• Task objective:
Write the listing out again word for word. Pictures do not belong in the copy.

• Supplied information:
=== Section Start ===
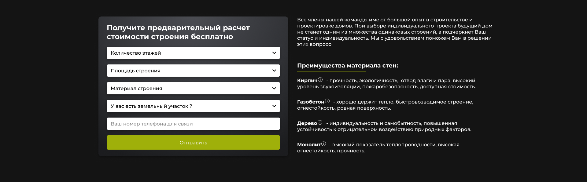 Все члены нашей команды имеют большой опыт в строительстве и проектировке домов. При выборе индивидуального проекта будущий дом не станет одним из множества одинаковых строений, а подчеркнет Ваш статус и индивидуальность. Мы с удовольствием поможем Вам в решении этих вопросов
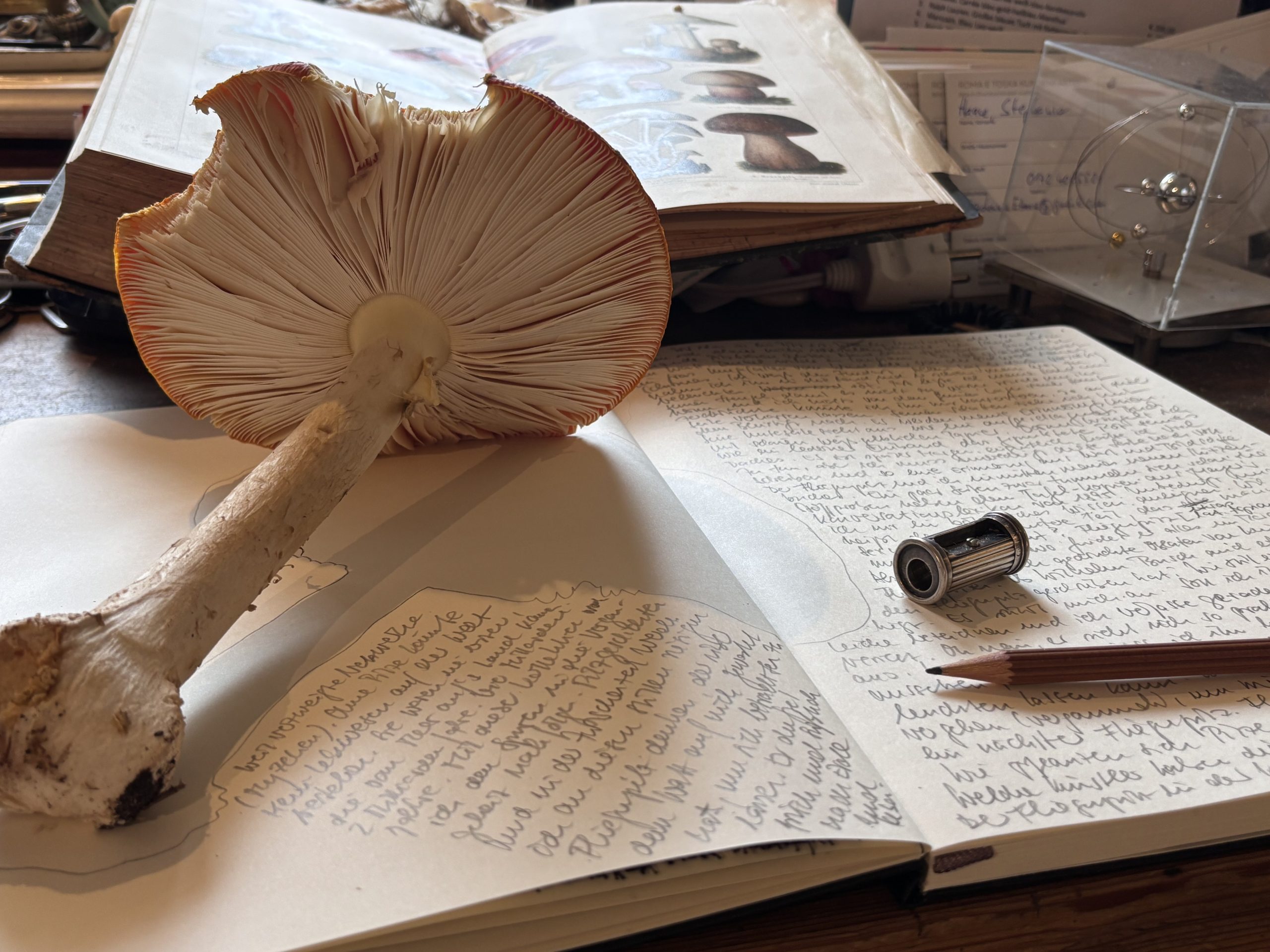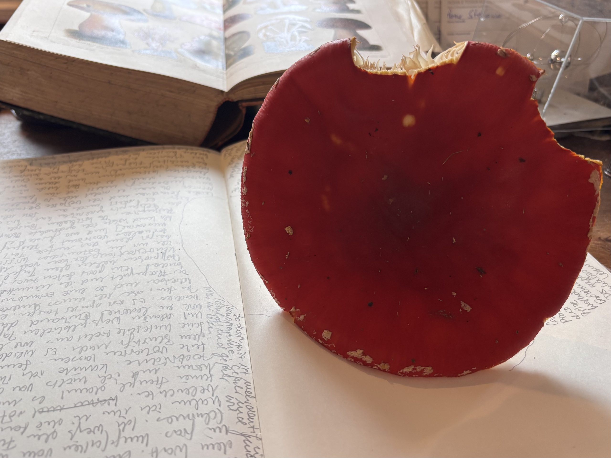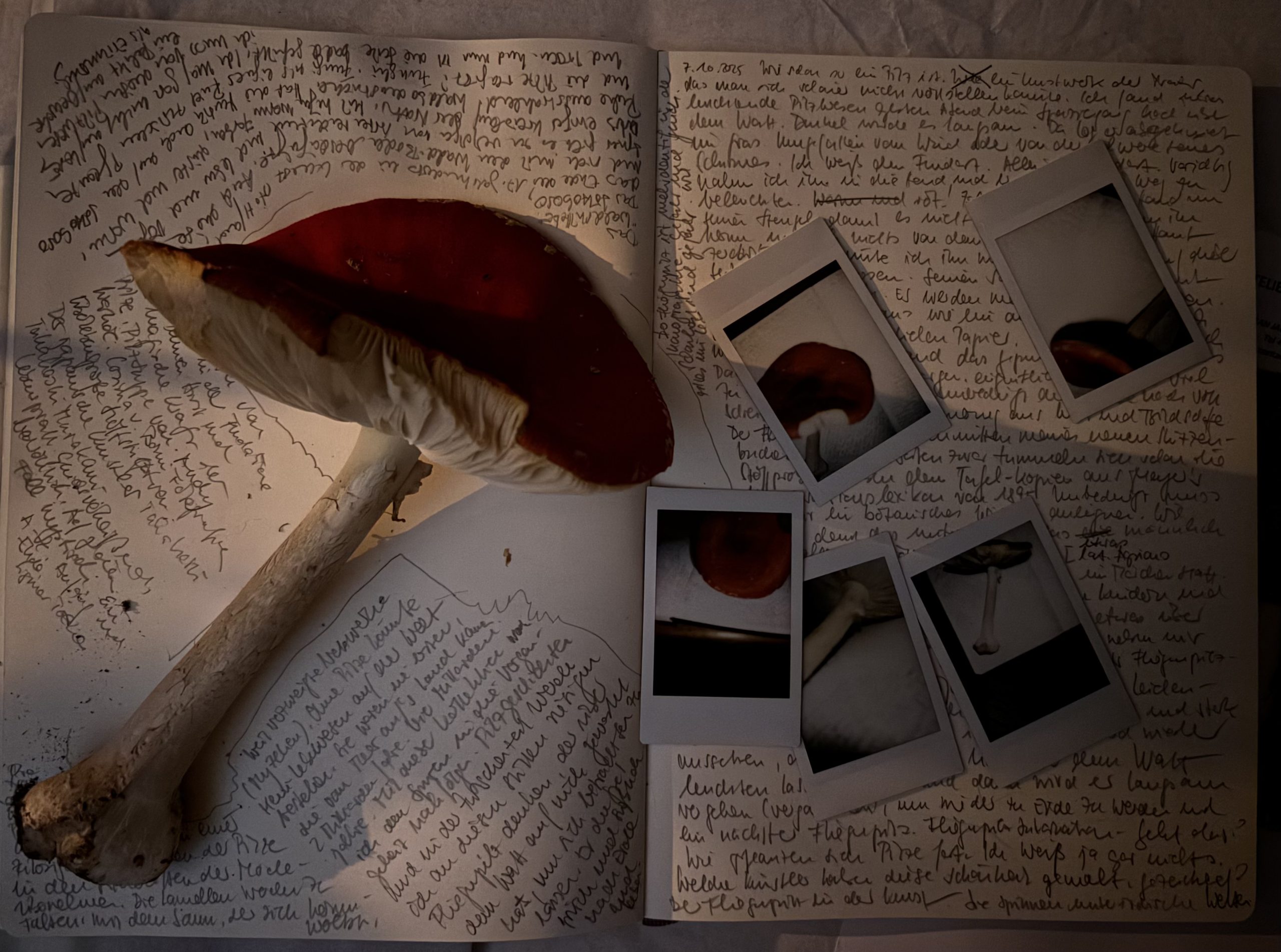 Ich mache ein paar Polaroids, wieder eine Bestandsaufnahme. Ähnlich dem Geflecht der Pilze geht meine Recherche hin-und-her, wächst in alle Richtungen. Welche Künstlerinnen und Künstler haben den Fliegenpilz als Motiv verwendete? Ich finde den Begriff des “Sottobosso” als Kunstgattung des 17. Jahrhunderts, das Stillleben des Waldbodens. Pilze waren die ersten, noch weit vor den Pflanzen, die aus dem Wasser aufs Land gingen, um Lebensmöglichkeiten für alle zukünftigen Spezies zu schaffen, auch für uns Menschen. Wir sprechen von einer Zeit vor mindestens zwei Milliarden Jahren.
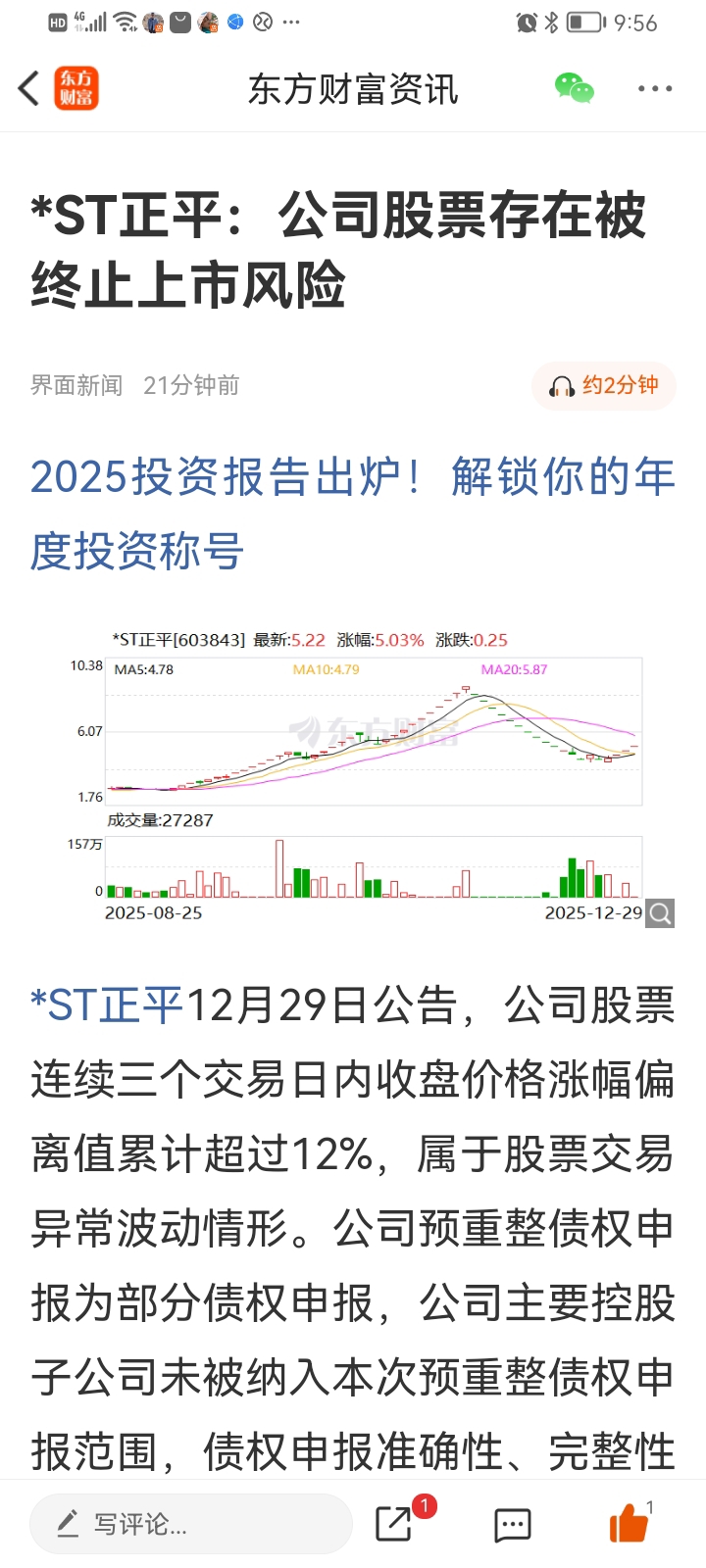 $*ST正平(SH603843)$ 界面新闻给你们发了,就问你们怕不怕。$*ST花王(SH603007)$ $*ST景峰(SZ000908)$
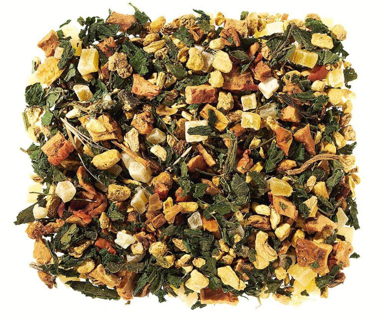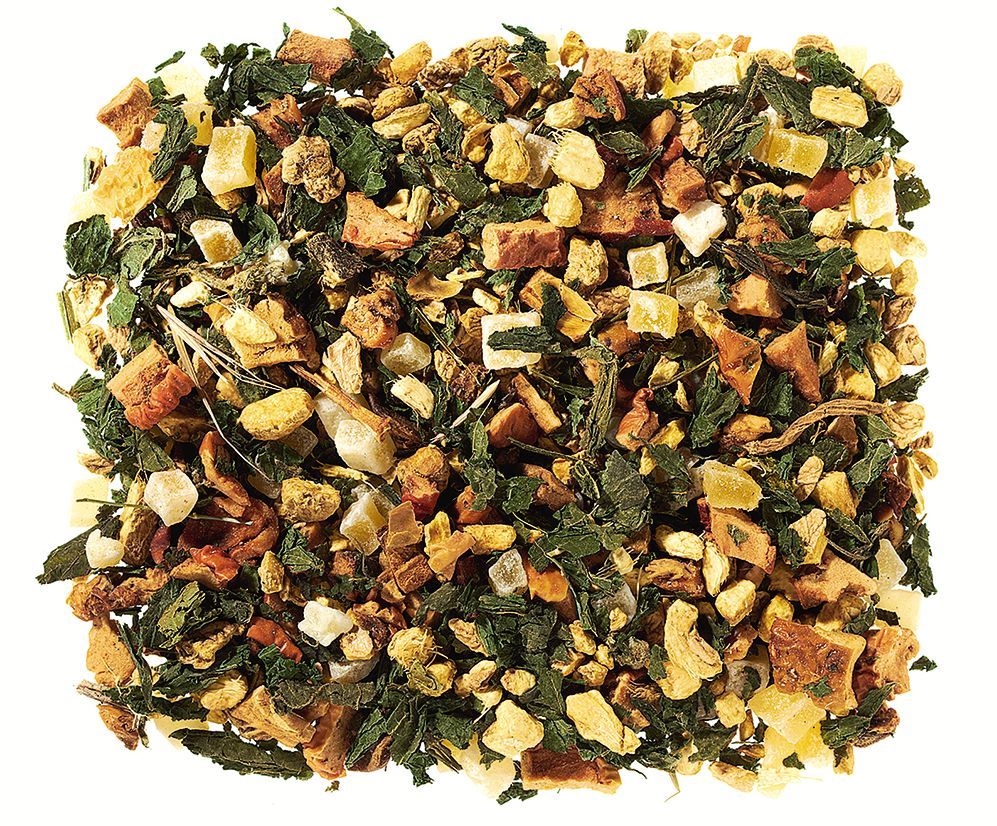 Zutaten: Ingwerstücke, Apfelstücke, Mangowürfel (Mango, Zucker), Brennnesselblätter, Aroma.
=== Section End ===
• Solution to this problem:
 Все члены нашей команды имеют большой опыт в строительстве и проектировке домов. При выборе индивидуального проекта будущий дом не станет одним из множества одинаковых строений, а подчеркнет Ваш статус и индивидуальность. Мы с удовольствием поможем Вам в решении этих вопросов
 Ich mache ein paar Polaroids, wieder eine Bestandsaufnahme. Ähnlich dem Geflecht der Pilze geht meine Recherche hin-und-her, wächst in alle Richtungen. Welche Künstlerinnen und Künstler haben den Fliegenpilz als Motiv verwendete? Ich finde den Begriff des “Sottobosso” als Kunstgattung des 17. Jahrhunderts, das Stillleben des Waldbodens. Pilze waren die ersten, noch weit vor den Pflanzen, die aus dem Wasser aufs Land gingen, um Lebensmöglichkeiten für alle zukünftigen Spezies zu schaffen, auch für uns Menschen. Wir sprechen von einer Zeit vor mindestens zwei Milliarden Jahren.
 $*ST正平(SH603843)$ 界面新闻给你们发了,就问你们怕不怕。$*ST花王(SH603007)$ $*ST景峰(SZ000908)$
 Zutaten: Ingwerstücke, Apfelstücke, Mangowürfel (Mango, Zucker), Brennnesselblätter, Aroma.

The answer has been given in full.